Each operation has the form:

```python
[a, b]
```

This means we increment every cell `(x, y)` where:

```text
0 <= x < a
0 <= y < b
```

In other words, each operation increments a rectangle starting from the top-left corner.

After performing all operations, return the number of cells containing the maximum value. If there are no operations, every cell remains `0`, so every cell is maximum. The official statement uses `ops[i] = [a_i, b_i]` and asks for the number of maximum integers after all operations.

## Input and Output

| Item | Meaning |
|---|---|
| `m` | Number of matrix rows |
| `n` | Number of matrix columns |
| `ops` | List of increment rectangles |
| Output | Number of cells with the maximum value |

Example function shape:

```python
def maxCount(m: int, n: int, ops: list[list[int]]) -> int:
    ...
```

## Examples

Example 1:

```python
m = 3
n = 3
ops = [[2, 2], [3, 3]]
```

Output:

```python
4
```

After `[2, 2]`, the top-left `2 x 2` area is incremented.

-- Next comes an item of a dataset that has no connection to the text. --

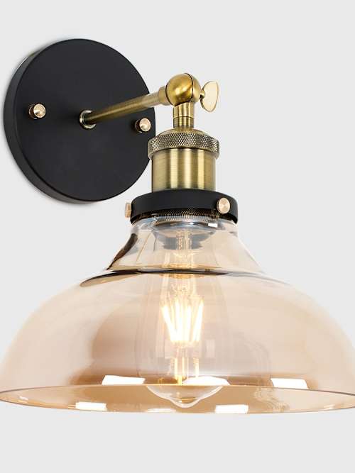 It's hard not to fall in love with the Wallace amber glass wall light! This vintage-inspired industrial sconce light combines sleek amber hued glass with edgy, industrial features for a stylish, modern update. Perfect for creating a welcoming hallway, displaying either side of your bed, or making a statement in your dining room. Pair with a trendy filament bulb and explore the rest of the Wallace range for the full look! Requires 1 x 4W ES/E27 bulb or LED equivalent.

After `[3, 3]`, the whole `3 x 3` matrix is incremented.

The top-left `2 x 2` area is incremented twice, so those four cells contain the maximum value.

Example 2:

```python
m = 3
n = 3
ops = []
```

Output:

```python
9
```

There are no operations, so all `3 * 3 = 9` cells have value `0`, which is the maximum.

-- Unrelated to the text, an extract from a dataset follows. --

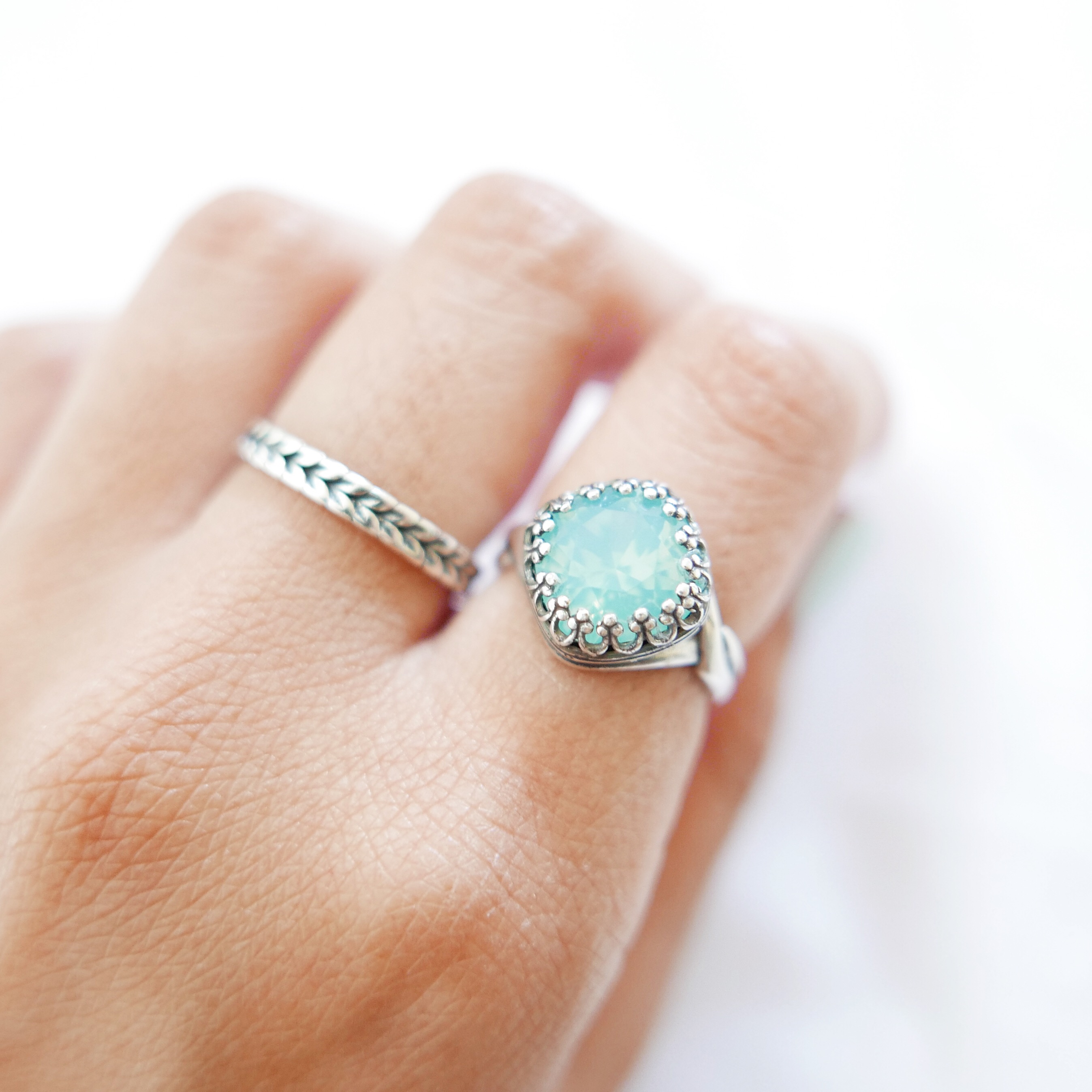 Pacific opal Swarovski Crystal Set into an adjustable silver plated ring.

## First Thought: Simulate the Matrix

A direct solution is to create the matrix and apply every operation.

For each operation `[a, b]`, we loop through rows `0` to `a - 1` and columns `0` to `b - 1`, incrementing each cell.

This works for small inputs, but it is too slow and memory-heavy.

The constraints allow `m` and `n` to be as large as `4 * 10^4`, so the matrix could have far too many cells to store explicitly. The number of operations can also be up to `10^4`.

## Key Insight

Every operation starts from the same top-left cell `(0, 0)`.

So the cells with the maximum value are exactly the cells that are included in every operation.

For example:

```python
ops = [[2, 2], [3, 3]]
```

The first operation covers rows:

```text
0, 1
```

and columns:

```text
0, 1
```

The second operation covers rows:

```text
0, 1, 2
```

and columns:

```text
0, 1, 2
```

The overlap of all operations is the top-left `2 x 2` rectangle.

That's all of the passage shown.